Programs generation

Bytecode generation

bf_program is used to represent a BPF program. It contains the BPF bytecode, as well as the required maps and metadata.

Workflow

The program is composed of different steps:

  1. Initialize the generic context

  2. Preprocess the packet’s headers: gather information about the packet’s size, the protocols available, the input interface…

  3. Execute the filtering rules: execute all the rules defined in the program sequentially. If a rule matches the packet, apply its verdict and return.

  4. Apply the policy if no rule matched: if no rule matched the packet, return the chain’s policy (default action).

Memory layout

The program will use the BPF registers to following way:

  • r0 : return value

  • r1 to r5 (included): general purpose registers

  • r6 : address of the header currently filtered on

  • r7 : L3 protocol ID

  • r8 : L4 protocol ID

  • r9 : unused

  • r10 : frame pointer

This convention is followed throughout the project and must be followed all the time to prevent incompatibilities.
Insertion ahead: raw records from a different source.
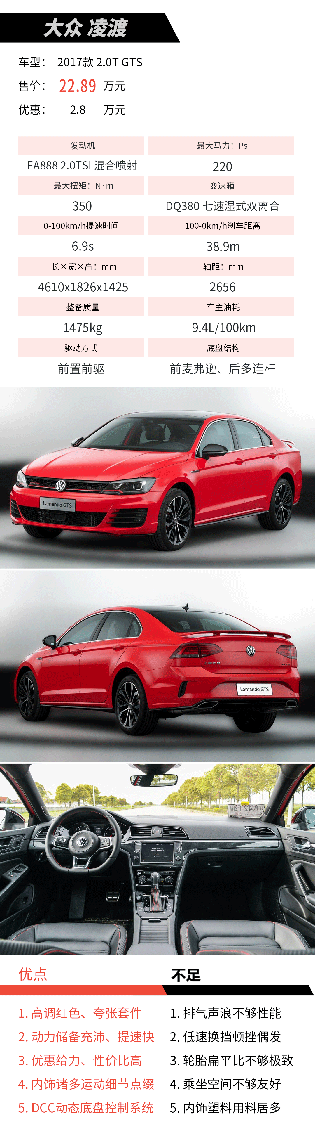 除此以外,凌渡GTS还可选装DCC底盘控制系统,可调节减振器阻尼设定与转向机力度从而提供不同驾驶感受。与高尔夫GTI一样,凌渡GTS同样配备配备XDS电子差速锁,有效抑制内侧驱动轮打滑,改善前驱车转向不足的短板。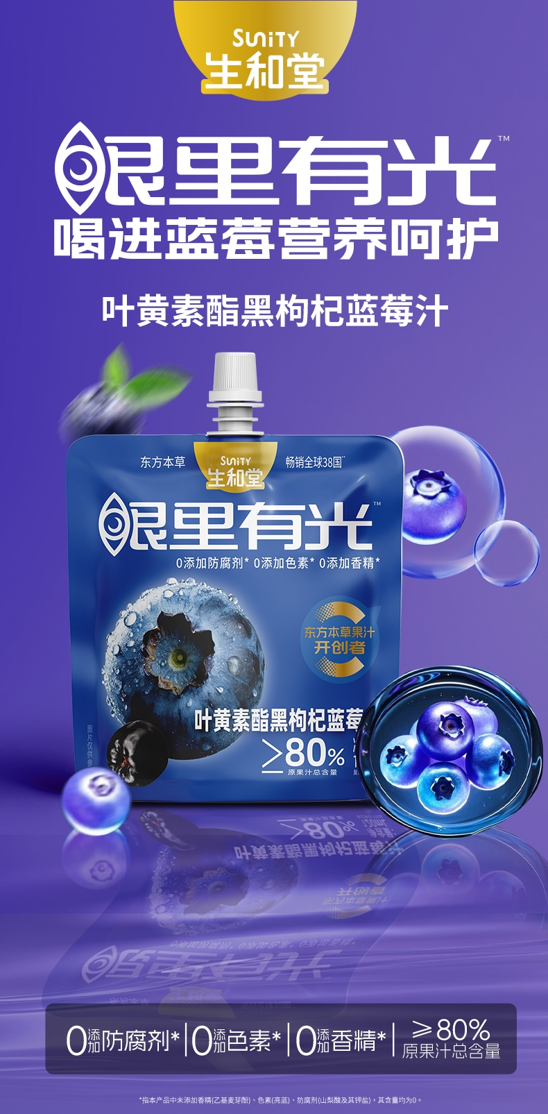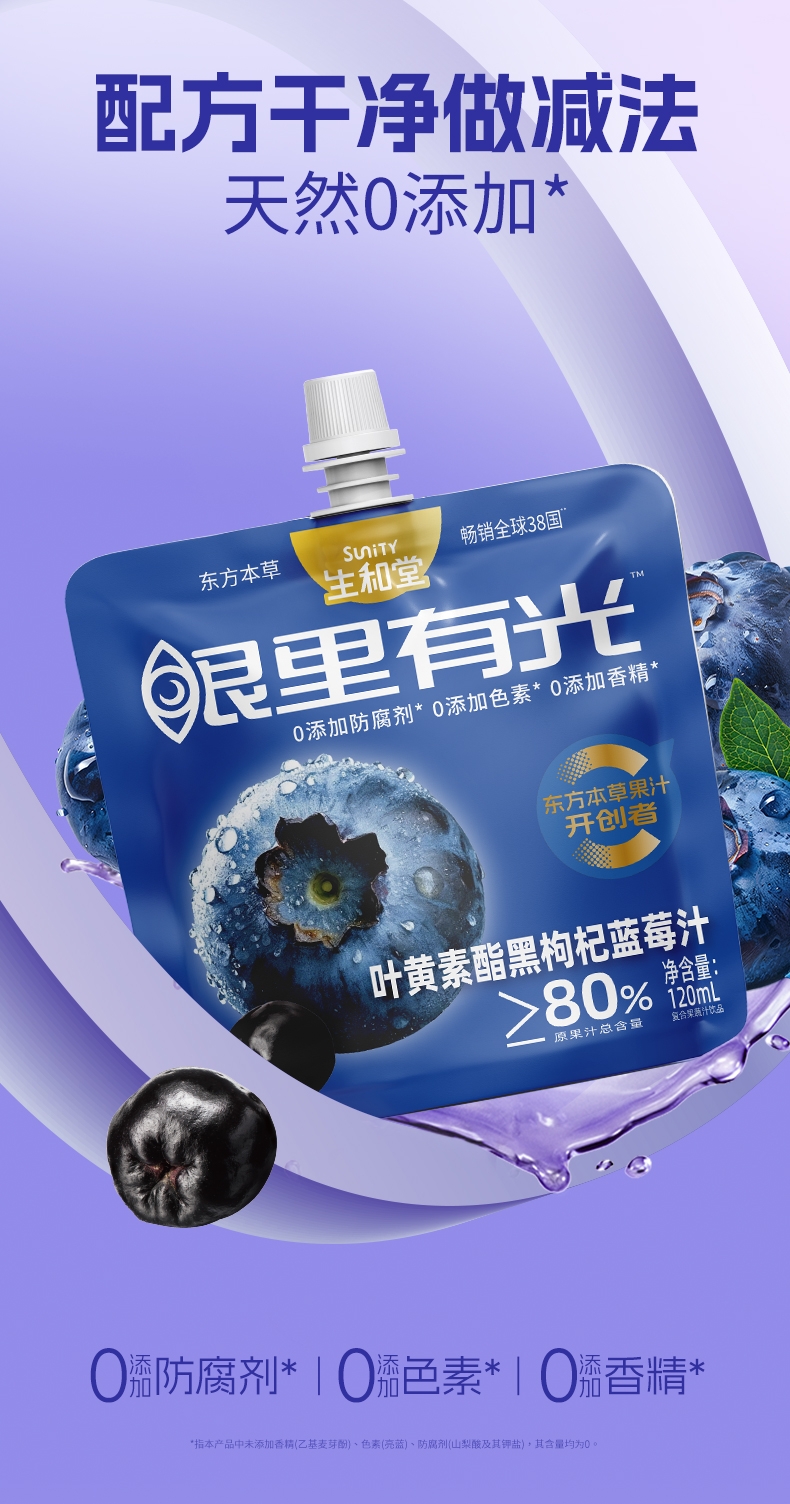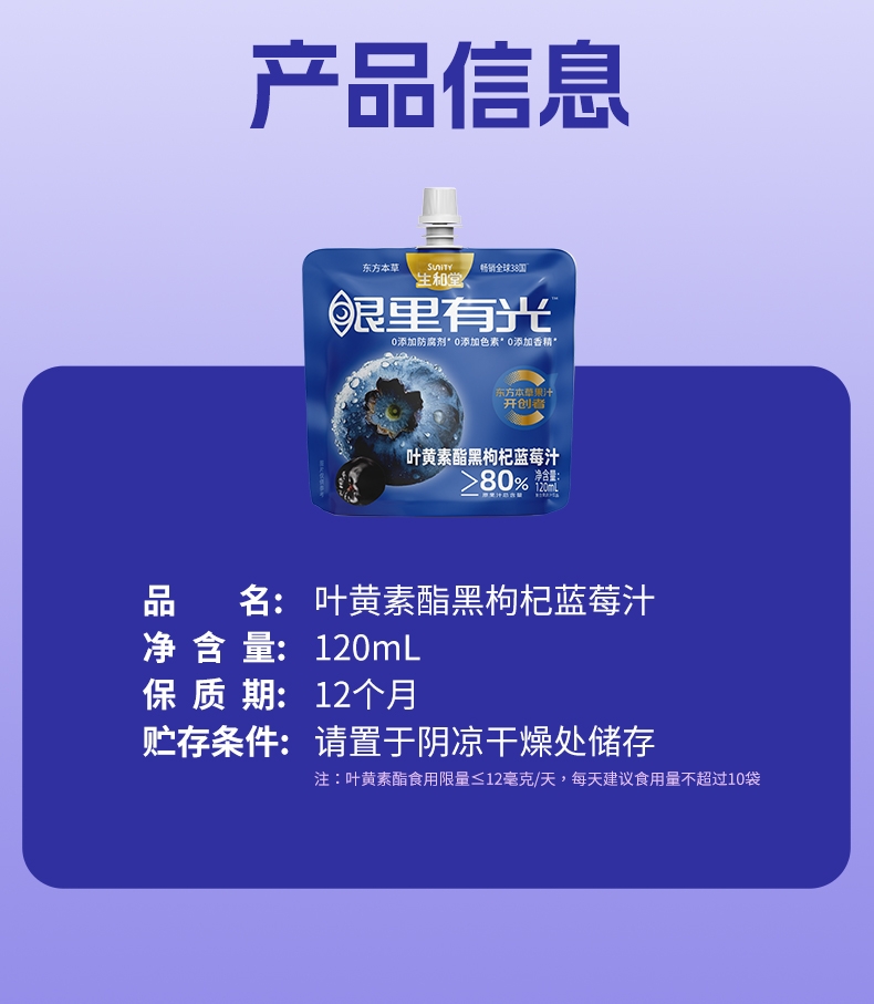 生和堂 叶黄素酯黑枸杞蓝莓汁120ml*7袋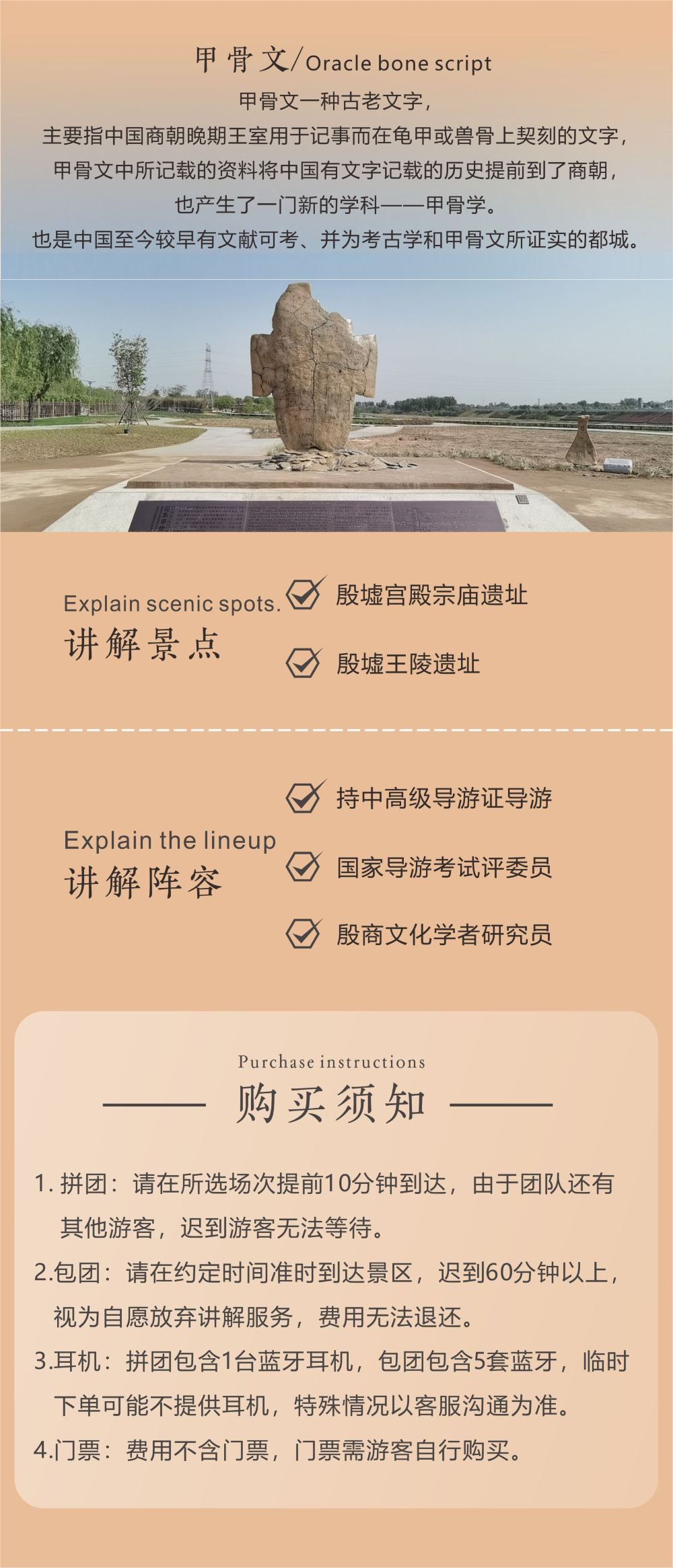 在集合地點集合12:01 安陽 殷墟博物館 集合 1、場次參考:09:00/14:00(場次會根據客流量進行調整,實際出行場次以和客戶服務支援約定為準)。 2、拼團講解按人收費,幾人出行買幾份;包團講解1-5人使用,不含門票,超出人數需要另外付費。 3、不含門票。

Debugging this kind of issues is not fun, so stick to it.

bf_runtime is used to represent the layout of the first stack frame in the program. It is filled during preprocessing and contains data required for packet filtering.

About preprocessing

The packets are preprocessed according to the program type (i.e. BPF flavor). Each flavor needs to perform the following steps during preprocessing:

  • Store the packet size and the input interface index into the runtime context

  • Create a BPF dynamic pointer for the packet

  • Preprocess the L2, L3, and L4 headers

The header’s preprocessing is required to discover the protocols used in the packet: processing L2 will provide us with information about L3, and so on. The logic used to process layer X is responsible for discovering layer X+1: the L2 header preprocessing logic will discover the L3 protocol ID. When processing layer X, if the protocol is not supported, the protocol ID is reset to 0 (so we won’t execute the rules for this layer) and subsequent layers are not processed (because we can’t discover their protocol).

For example, assuming IPv6 and TCP are the only supported protocols:

  • L2 processing: discover the packet’s ethertype (IPv6), and store it into r7 .
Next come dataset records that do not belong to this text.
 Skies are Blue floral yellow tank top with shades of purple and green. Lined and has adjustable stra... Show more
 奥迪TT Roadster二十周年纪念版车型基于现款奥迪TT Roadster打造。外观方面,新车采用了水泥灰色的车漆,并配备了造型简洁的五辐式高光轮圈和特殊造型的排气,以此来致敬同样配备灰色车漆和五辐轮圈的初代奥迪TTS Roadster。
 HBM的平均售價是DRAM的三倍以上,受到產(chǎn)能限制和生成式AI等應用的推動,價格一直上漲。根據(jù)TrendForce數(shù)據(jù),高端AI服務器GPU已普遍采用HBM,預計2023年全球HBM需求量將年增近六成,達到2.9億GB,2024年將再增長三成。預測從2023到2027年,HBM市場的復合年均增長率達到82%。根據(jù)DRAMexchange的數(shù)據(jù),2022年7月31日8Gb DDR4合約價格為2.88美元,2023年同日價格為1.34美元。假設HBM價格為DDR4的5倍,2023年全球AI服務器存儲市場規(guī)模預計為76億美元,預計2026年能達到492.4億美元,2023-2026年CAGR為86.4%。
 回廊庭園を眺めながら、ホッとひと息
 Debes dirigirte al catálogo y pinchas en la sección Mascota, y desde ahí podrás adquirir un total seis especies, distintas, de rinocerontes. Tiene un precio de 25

  • L3 processing: the protocol ID in r7 is supported (IPv6), so a slice is created, and the L4 protocol ID is read from the IPV6 header into r8 .
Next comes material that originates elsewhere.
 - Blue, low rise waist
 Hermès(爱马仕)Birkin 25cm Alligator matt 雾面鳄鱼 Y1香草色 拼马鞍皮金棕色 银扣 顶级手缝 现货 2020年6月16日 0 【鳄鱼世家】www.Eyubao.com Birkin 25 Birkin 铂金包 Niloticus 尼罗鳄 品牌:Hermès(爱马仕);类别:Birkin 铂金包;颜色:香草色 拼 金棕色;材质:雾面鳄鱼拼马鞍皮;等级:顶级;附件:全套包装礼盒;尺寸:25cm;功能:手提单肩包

  • L4 processing: the protocol ID in r8 is supported (TCP), so a slice is created.

  • The program can now start executing the rules.

However, assuming only IPv6 and UDP are supported:

  • L2 processing: discover the packet’s ethertype (IPv6), and store it into r7 .

  • L3 processing: the protocol ID in r7 is supported (IPv6), so a slice is created, and the L4 protocol ID is read from the IPV6 header into r8 .

  • L4 processing: the protocol ID in r8 is no supported (TCP), r8 is set to 0 and we stop processing this layer.

  • The program can now start executing the rules. No layer 4 rule will be executed as r8 won’t match any protocol ID.

Warning

L3 and L4 protocol IDs must be stored in registers, no on the stack, as older verifier aren’t able to keep track of scalar values located on the stack. This means the verification will fail because the verifier can’t verify branches properly.

Defines

EMIT(program, x)
EMIT_KFUNC_CALL(program, function)
EMIT_FIXUP(program, type, insn)
EMIT_FIXUP_ELFSTUB(program, elfstub_id)
EMIT_FIXUP_JMP_NEXT_RULE(program, insn)
EMIT_LOAD_COUNTERS_FD_FIXUP(program, reg)
EMIT_LOAD_SET_FD_FIXUP(program, reg, index)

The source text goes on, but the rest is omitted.